Когда на другой день Джойс пришел на вокзал, там собралась уже почти вся труппа. Его встретили любопытными взглядами, подмигиваньем, перешептываньем; хористки, столпившиеся около Анни Стэвенс, захихикали; сама Анни была бледнее обыкновенного и имела еще более вызывающий вид. Группа товарищей, к которой Джойс направился, растаяла при его приближении. Он сразу понял, что произошло. Страхи, терзавшие его всю ночь и весь этот день, оправдались. Лицо его и губы побелели; он задрожал всем телом. Инстинктивно стараясь овладеть собой, он подошел к Блэку, стоявшему возле одного из вагонов, отведенных для труппы. Но долго не мог заговорить. Наконец, разрешился нелепым вопросом:

— Когда отходит поезд?

— В четыре сорок, — коротко ответил Блэк.

— А когда мы будем в Лидсе?

— Я-то почем знаю! Кой черт! Если вам нужно знать, спросите у сторожа. Вон он стоит.

С этими словами он отошел и присоединился к товарищам, стоявшим поодаль. Джойс был до того убит, что даже не обиделся. Он прошелся вдоль поезда, увидел в окно в одном из вагонов хориста, решил, что этот вагон отведен для хора, вошел туда и забился в дальний угол, прикрывшись газетой.

Вагон наполнился, и поезд тронулся. Вначале разговор не вязался, потом наладился, но с Джойсом никто не заговаривал. В Сельби приходилось ждать целый час. Чувствуя, что ему во что бы то ни стало надо остаться одному, Джойс убежал с вокзала и, не заходя в город, бродил по полям и лугам, пока не пришло время вернуться. Он был слишком ошеломлен этим неожиданным ударом, чтобы мыслить связно и логически. То он негодовал на совершенно для него непостижимую сознательную жестокость девушки, которая раньше, видимо, была расположена к нему; то терзался жгучим стыдом, что теперь вся труппа знает, каков он. В этом хаосе одно только было для него ясно — надо уйти; невозможно продолжать это турне. Если даже режиссер не обратит внимания на это открытие, сам он лучше будет жить в какой-нибудь норе и голодать, чем ежедневно чувствовать себя предметом общего презрения и отвращения, — это хуже всякого ада. Уж и эта поездка для него мука. Но до Лидса он все-таки доедет, а там…

Уже смеркалось, когда он вернулся на вокзал, как раз в то время, когда сторож собирался махнуть зеленым флагом. И, взявшись за ручку двери, услыхал голос Мак-Кэя, говоривший:

— Ну, уж это слишком: если парню случилось побывать в тюрьме, это еще не значит, что он будет таскать у вас носовые платки из карманов или часы из уборной.
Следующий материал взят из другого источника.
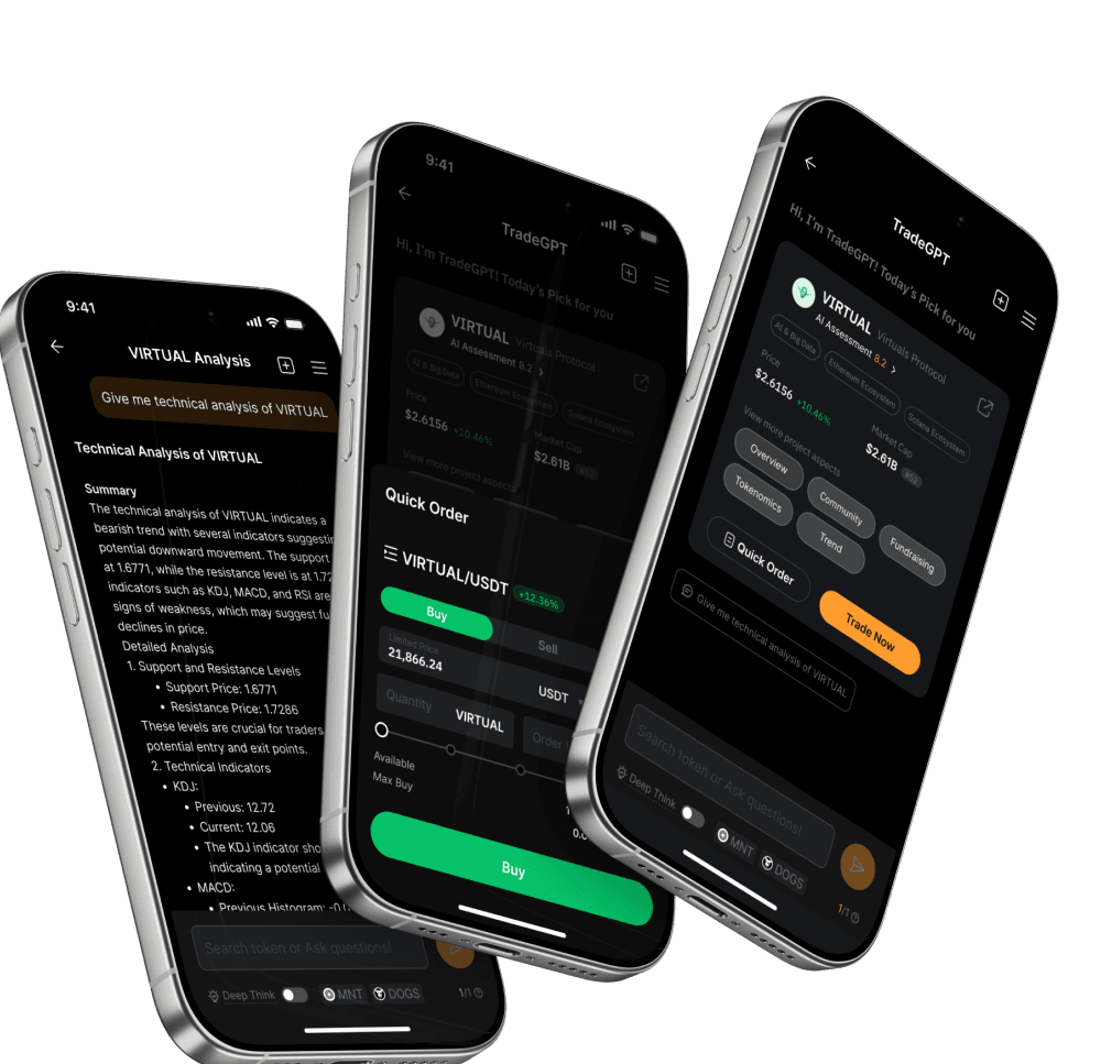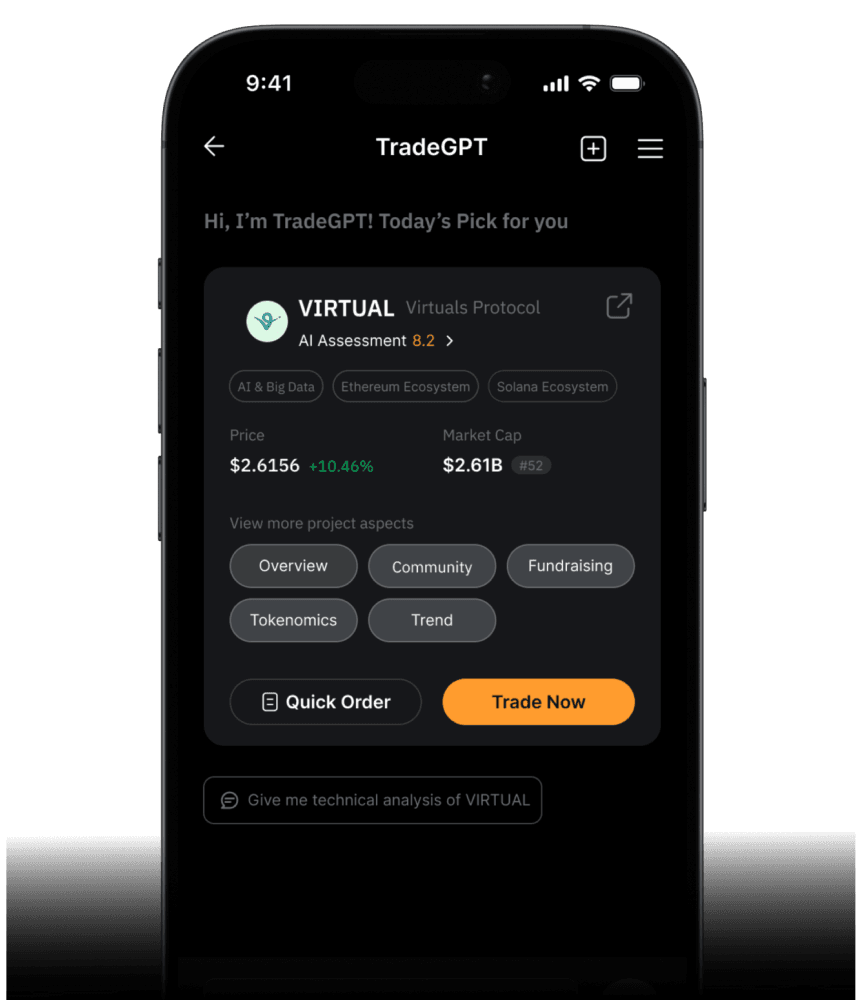 Search or ask TradeGPT about any token, and trade it instantly — no minimum required.

Он отворил дверь и вошел среди мертвого молчания, которое не прерывалось до конца путешествия. Джойс оглядывал по очереди всех своих спутников, которых было семеро, и с каждой минутой чувствовал себя все больше одиноким. Всего каких-нибудь двадцать четыре часа назад они были ему добрыми товарищами, ласково встречали его, и он почти любил их. Теперь ему было мучительно вспомнить вчерашний вечер. Слова Мак-Кэя все еще звучали в его ушах. Сами по себе они были ужасны, но ведь они, очевидно, были сказаны в его защиту. Один раз взгляды их встретились, и во взгляде Мак-Кэя он прочел сочувствие. Но другие упорно отворачивались, когда он смотрел в их сторону.

Когда они вышли из вагонов в Лидсе, Мак-Кэй дотронулся до его плеча и отвел его в сторону.
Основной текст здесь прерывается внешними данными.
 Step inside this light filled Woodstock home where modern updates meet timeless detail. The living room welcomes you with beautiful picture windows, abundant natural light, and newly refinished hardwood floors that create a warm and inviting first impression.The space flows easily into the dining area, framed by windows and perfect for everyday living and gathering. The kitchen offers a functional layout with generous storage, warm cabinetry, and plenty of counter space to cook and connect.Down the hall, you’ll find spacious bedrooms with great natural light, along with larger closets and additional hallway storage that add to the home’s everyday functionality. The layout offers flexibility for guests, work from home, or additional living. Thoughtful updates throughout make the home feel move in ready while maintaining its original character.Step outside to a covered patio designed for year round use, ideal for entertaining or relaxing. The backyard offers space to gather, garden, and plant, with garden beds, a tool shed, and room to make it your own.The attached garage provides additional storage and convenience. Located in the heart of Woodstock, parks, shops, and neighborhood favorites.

— Что это за чепуху рассказывает про вас Анни Стэвенс?

— Увы! Это правда, — уныло ответил Джойс.

— Проклятая бабенка! Говорил я вам, чтобы не связывались с бабами.

— Все равно когда-нибудь это вышло бы наружу. Не она, так кто-нибудь из товарищей мог быть со мной вчера в трактире.

— Неужели вы думаете, что мужчина так подло выдал бы вас! — презрительно сказал Мак-Кэй.

— Я пришел к убеждению, что в этом проклятом мире все возможно, — с горечью сказал Джойс. — По-видимому, вся труппа настроена против меня.

— Да, несомненно, они возмущены, — не без смущения сказал Мак-Кэй. И, конечно, это не особенно приятно для вас. Они все судят так, как будто сами они до того святы, что хоть живыми их на небо взять, черт бы их побрал! Мне даже тошно слушать. Я прямо заявил, что я на вашей стороне.

— Благодарю вас, Мак-Кэй. Вы славный малый. Но я не стану просить вас об этом. Я не приму участия в вашем турне.

— По правде говоря, пожалуй, вам, действительно, лучше будет уйти из труппы, — задумчиво сказал Мак-Кэй. И вдруг начал ругать Анни Стэвенс.

— Ишь, ведь, кошка драная, какую гадость выкинула.

— Очевидно, в глазах женщины это непростительная вина, — молвил Джойс, обходя багажный вагон. — Я только не понимаю, почему она вдруг сразу так меня возненавидела и стремится погубить меня.

— Не понимаете? Кажется, это достаточно ясно.

— Нет, для меня неясно. Мы все время были большими друзьями.

— Друзьями?! Да неужто же вы не замечали, что она втюрилась в вас по уши? Все это видели, только не говорили вам об этом. У вас такая чертовски насмешливая манера отодвигать от себя людей, когда они лезут не в свое дело. Но, Боже мой! Как же вы не видели? Тошно было глядеть, какими томными глазами она смотрела на вас.

— Так вы думаете, что она была влюблена в меня? — запинающимся голосом выговорил Джойс, — теперь для него постепенно все выяснилось, и прошлое и настоящее.

— Ну, разумеется. А вы что думали?

Большинство артистов еще толпились около багажного вагона, добиваясь выдачи своих вещей или в ожидании носильщиков. Среди них была и Анни Стэвенс. У ног ее лежал дорожный мешок Джойса. Он заметил это, молча подошел, поднял мешок и хотел также молча отойти, но она дотронулась до его руки. Хотя было уже почти темно, он заметил, что лицо у нее совсем больное, измученное, сразу похудевшее. Она с мольбою заглянула в его строгие глаза и шепнула:

— Ради Господа, простите меня!

— Вы загубили мою жизнь, — холодно ответил Джойс.

— Я убью себя.

— Некоторым людям лучше не жить.

И Джойс отошел от нее с саквояжем в руке.

На платформе за барьером он снова столкнулся с Мак-Кэем.

— Прощайте Мак-Кэй, — молвил он. — В целом мире у меня только два друга, которые знают мою историю, и вы один из них.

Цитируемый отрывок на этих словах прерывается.